A district court held that an insurance company must defend its insured in an underlying case involving minors' exposure to contaminated drinking water stemming from the insured's property. When the insurer refused to defend the insured, the insured filed suit against the insurance company for declaratory relief and damages, alleging a breach of the duty to defend and a breach of the implied covenant of good faith and fair dealing. The insurer argued that there is no possible coverage because the minors could not have been injured while the policy was in effect since the minors were not yet born in 1978 and the policies were not in effect after 1978. Under the policies at issue in this case, the triggering event is “personal injury.” One definition of personal injury is “bodily injury.” But a second type of personal injury is defined as “an act or series of acts of the same or similar nature, committed during this policy period which causes such personal injury.” As such, it does not matter that the underlying plaintiffs were not yet born when the insurance policy lapsed, as long as the acts constituting “wrongful entry or . . . other invasion of private occupancy” occurred during the policy period. According to the complaint, they did. The insurance company's motion to dismiss the insured's suit was therefore denied. Bradley v. Continental Insurance Co., No. C 11-00292 SI, 41 ELR 20164 (N.D. Cal. Apr. 22, 2011) (Illston, J.).

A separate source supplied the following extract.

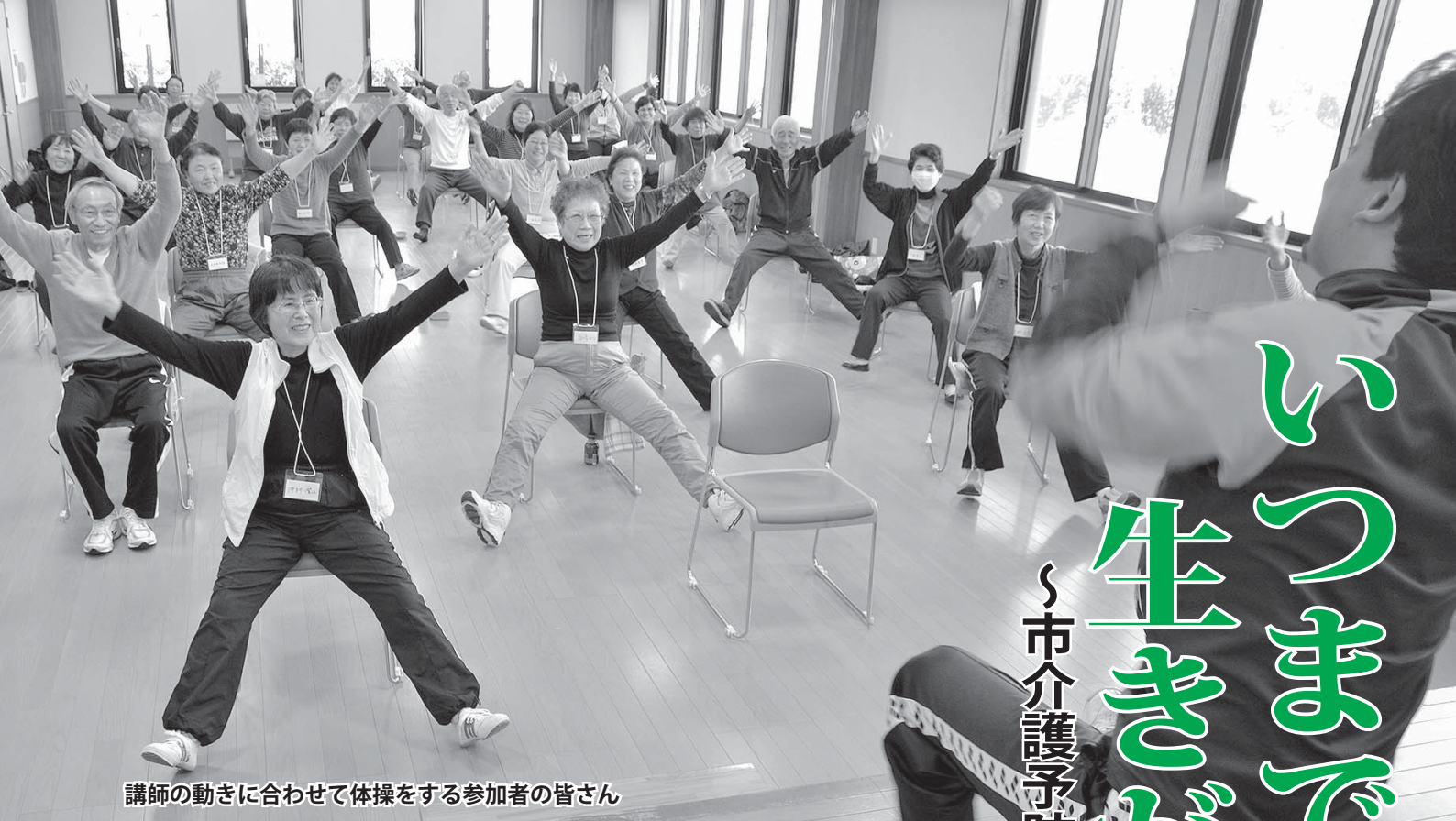
講師の動きに合わせて体操をする参加者の皆さん

A district court granted the Massachusetts Department of Transportation's (MassDOT's) motion for judgment in a case involving its violation of municipal separate storm sewer system NPDES permits in the Boston area and denied an environmental group's motion for additional injunctive relief. Once a court has resolved all disputes concerning the merits of a case--including both liability and remedies--it must enter judgment pursuant to Fed. R. Civ. P. 58. The group argued that disputes regarding the appropriate remedies still exist and that the court ought to further enjoin MassDOT, thus rendering the entry of judgment premature. But the group's request for further injunctive relief fails because it has not demonstrated that it has suffered any injury--irreparable or otherwise--that demands the issuance of another injunction. Because no further injunctive relief is required to resolve the remedial aspect of this case, judgment is appropriate. The court noted that it was somewhat reticent to rely on the representations of MassDOT in light of its dilatoriness following the bench trial, which necessitated an injunction in May 2010. But additional judicial supervision of MassDOT’s activities is neither necessary to remedy the violations found in this case nor appropriate given the relationship between the court and the commonwealth of Massachusetts. Conservation Law Foundation, Inc. v. Patrick, No. 06-11295, 41 ELR 20153 (D. Mass. Apr. 14, 2011) (Young, J.).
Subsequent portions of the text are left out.